Connection with Celtic saints

Llandyssil takes its name from St Tysul, a little known Welsh saint of the 7th century AD. Only two churches in Wales were dedicated to this saint, Llandyssil in Montgomeryshire and Llandysul in Ceredigion, and the feast day for this saint was celebrated on 31 January. The old church in the village (largely demolished in 1866) stood in the graveyard to the SE of the present village. This suggests that the present settlement dates back to the period around 700AD. There is also a connection with another early Welsh and Breton saint, St Padarn.  On the highland to the south in Cefn y Coed is the farm Cwm Badarn. The Llandyssil Brook rises in this Cwm or valley, and between Cwm Badarn Farm and the Pinion is a rock cut spring, that was possibly a Holy Well, dedicated to St Padarn.

History
In the Medieval period, Llandyssil was in the Cantref of Cedewain in the Kingdom of Powys. The parish was divided into four townships: Bolbro, Bronywood (or Bronycoed), Bryntalch and Rhandir. Rhandir, which contained the parish church, was the largest of these townships. It was probably an amalgamation of three other townships; Cefn-y-coed, Coedywig and Trefganol.

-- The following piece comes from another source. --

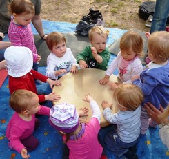 Durch musikalische Kinderspiele, Tänze und das gemeinsame Singen erfahren die Kinder eine frühe musikalische Förderung.

In 1536, following the Act of Union, Llandyssil became part of the new county of Montgomeryshire. For ecclesiastical administration, the parish was in the Bishopric of St Asaph, the Archdeaconry of Montgomery and the Deanery of Cedewain. 
For Parliamentary representation, Llandyssil fell within the County of Montgomery until 1885, when, for electoral purposes, it was included within the Montgomery Boroughs. It was transferred back to the County in 1918, when only one MP represented Montgomeryshire.
With the establishment of the Montgomeryshire County Council in 1894, Llandyssil Parish Council was created, and it was included in Forden Rural District Council. In 1974, as a result of Local Government reform, Llandyssil Parish Council became a Community Council within the Montgomeryshire District Council. At this time, Llanmerewig was joined with Llandyssil to form the new Community Council, and in 1984 this was renamed Abermule with Llandyssil Community Council. At this time, the Community Council covered the old parishes of Llanmerewig and Llandyssil, together with Dolforwyn, which had been a township in Bettws Cedewain parish. In 1996,  with the abolition of the Montgomeryshire District Council, the Community Council became part of Powys County Council.

Population and language
The Census returns are as follows:

In 1880 a portion of the township of Bolbro was transferred from Llandyssil to Llanmerewig and the size of the parish was reduced from 4187 acres to 3800 acres. This may be reflected in the decrease in population between the 1881 and 1891 censuses.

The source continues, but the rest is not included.